Legislation approved by Congress could provide up to $1 million for maintenance and infrastructure improvements at Quincy Regional Airport and hundreds of other small airports nationwide.
A budget reauthorization bill for the Federal Aviation Administration was approved last month and is awaiting the president’s signature. It appears to qualify Quincy for the higher funding level.
“I just heard about that (Monday). If it’s true, it’s awesome,” said interim Airport Manager Marty Stegeman.
Quincy Regional Airport had been expected to receive $150,000 for maintenance and infrastructure work after it fell short of a 10,000-enplanement threshold last year. The FAA provides $1 million to airports that have 10,000 boardings as part of the Airport Improvement Program.

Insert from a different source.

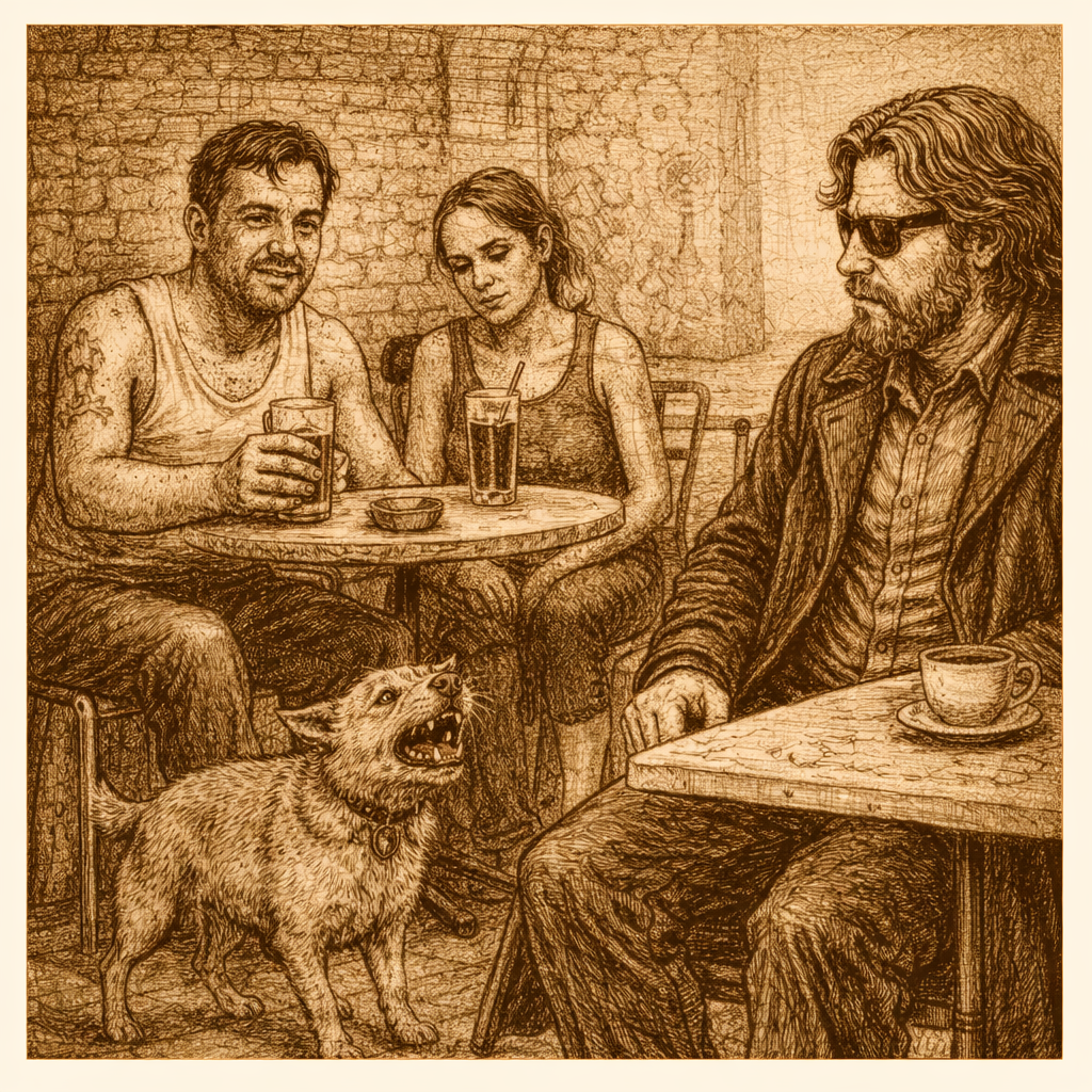 Hij schenkt zijn bier zijn glas in terwijl de hond de leiband rond zijn benen wikkelt. En blijft grommen naar me. “Rocky, kom op, nu is het genoeg,” zegt de man. Hij duwt de hond naar mij toe, waarop die nog harder schrikt, begint te kefgrommen en onmiddellijk weer achter zijn benen vlucht. “Je mag dat niet forceren he, dat weet ik eigenlijk ook wel.”

However, Congress included language in the FAA funding bill that would allow airports that hit 10,000 boardings during calendar year 2012 to qualify for up to $1 million even if they fell short of the boarding quota in 2015 and still have scheduled air service.
“It appears we are covered under that bill to get that money,” Stegeman said.

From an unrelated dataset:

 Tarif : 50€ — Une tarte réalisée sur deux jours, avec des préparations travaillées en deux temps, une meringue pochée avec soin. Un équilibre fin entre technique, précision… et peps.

U.S. Sen. Dick Durbin said the funding bill is great news for the Quincy airport and the economy of Western Illinois.
“By ensuring the FAA continues to make strong investments in our state’s regional airports, we help pay for much-needed improvements, create jobs and bring new business into our communities. That’s why I will continue to support critical transportation funding and grant programs that drive economic growth and benefit Illinois,” Durbin said.

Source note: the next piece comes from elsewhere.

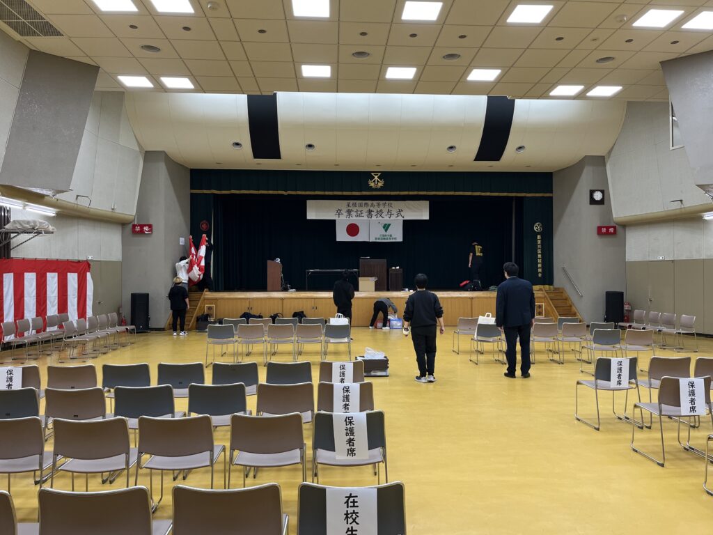 式に向け、前日には1,2年生の有志が会場設営を手伝いに来てくれました。

Terrance Ward, who is scheduled to begin work Monday as manager of Quincy Regional Airport, was briefed on the FAA funding bill this week.
“We’re ecstatic that it got passed,” Ward said. “It will help to keep the airport safe and keep it secure, and people will be able to see that their tax dollars are being spent well.”
In Montana, where Ward has been managing a pair of small airports, a pilot shortage has hurt boardings when flights were canceled. In the Midwest, many airports have had fewer passengers with the drop in gasoline prices the past two years.
Erin Hatzell, Midwest regional marketing manager for Cape Air, said the airline had 617 enplanements at Quincy in July. That is down from 785 boardings in July 2015.
Cape Air has reported 4,441 boardings at Quincy Regional Airport through the first seven months of the year and is unlikely to reach the 10,000-boardings goal this year.
Stegeman said he has heard from other airport managers that the number of passengers they’ve handled is down, with more people driving to St. Louis rather than taking flights.